[Opening Supplied records section]

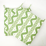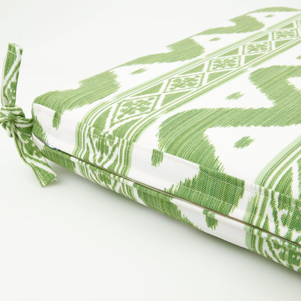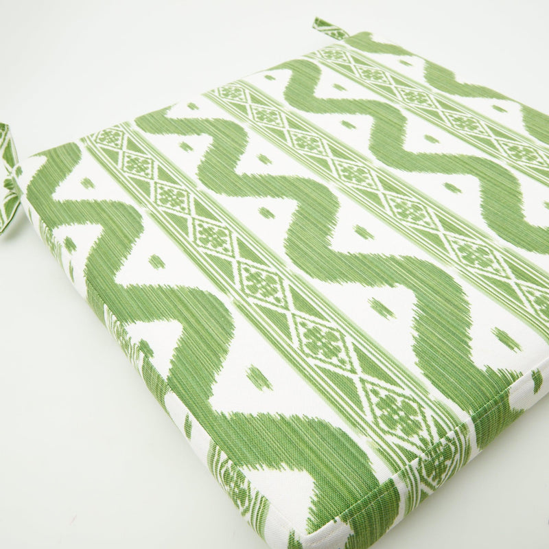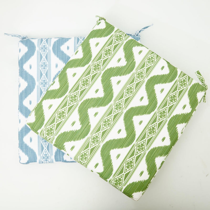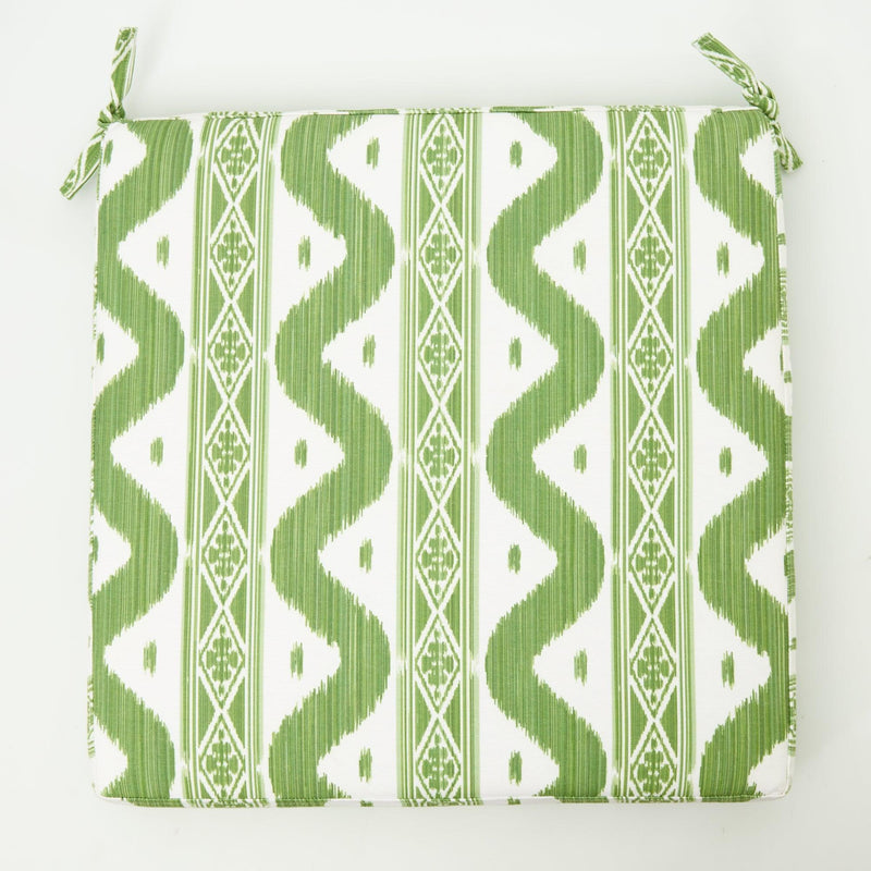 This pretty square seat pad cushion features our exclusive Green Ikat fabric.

[Closing Supplied records section]
[Opening Supplied records section]

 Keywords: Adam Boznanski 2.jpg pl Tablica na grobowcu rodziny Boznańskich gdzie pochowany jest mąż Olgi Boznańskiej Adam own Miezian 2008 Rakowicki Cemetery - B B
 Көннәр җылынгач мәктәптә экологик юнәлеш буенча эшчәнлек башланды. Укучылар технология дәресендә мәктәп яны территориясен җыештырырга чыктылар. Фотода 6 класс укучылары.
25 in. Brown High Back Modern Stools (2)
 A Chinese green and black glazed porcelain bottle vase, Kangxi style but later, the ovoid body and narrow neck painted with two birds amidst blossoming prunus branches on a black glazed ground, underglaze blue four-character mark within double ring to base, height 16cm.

[Closing Supplied records section]

**Work instructions:**
Please give an exact copy of the entries above, from the line with "25 in. Brown High Back Modern Stools (2)" down to the line with "A Chinese green", inclusive, and nothing else.

**Result of the exercise:**
25 in. Brown High Back Modern Stools (2)
 A Chinese green and black glazed porcelain bottle vase, Kangxi style but later, the ovoid body and narrow neck painted with two birds amidst blossoming prunus branches on a black glazed ground, underglaze blue four-character mark within double ring to base, height 16cm.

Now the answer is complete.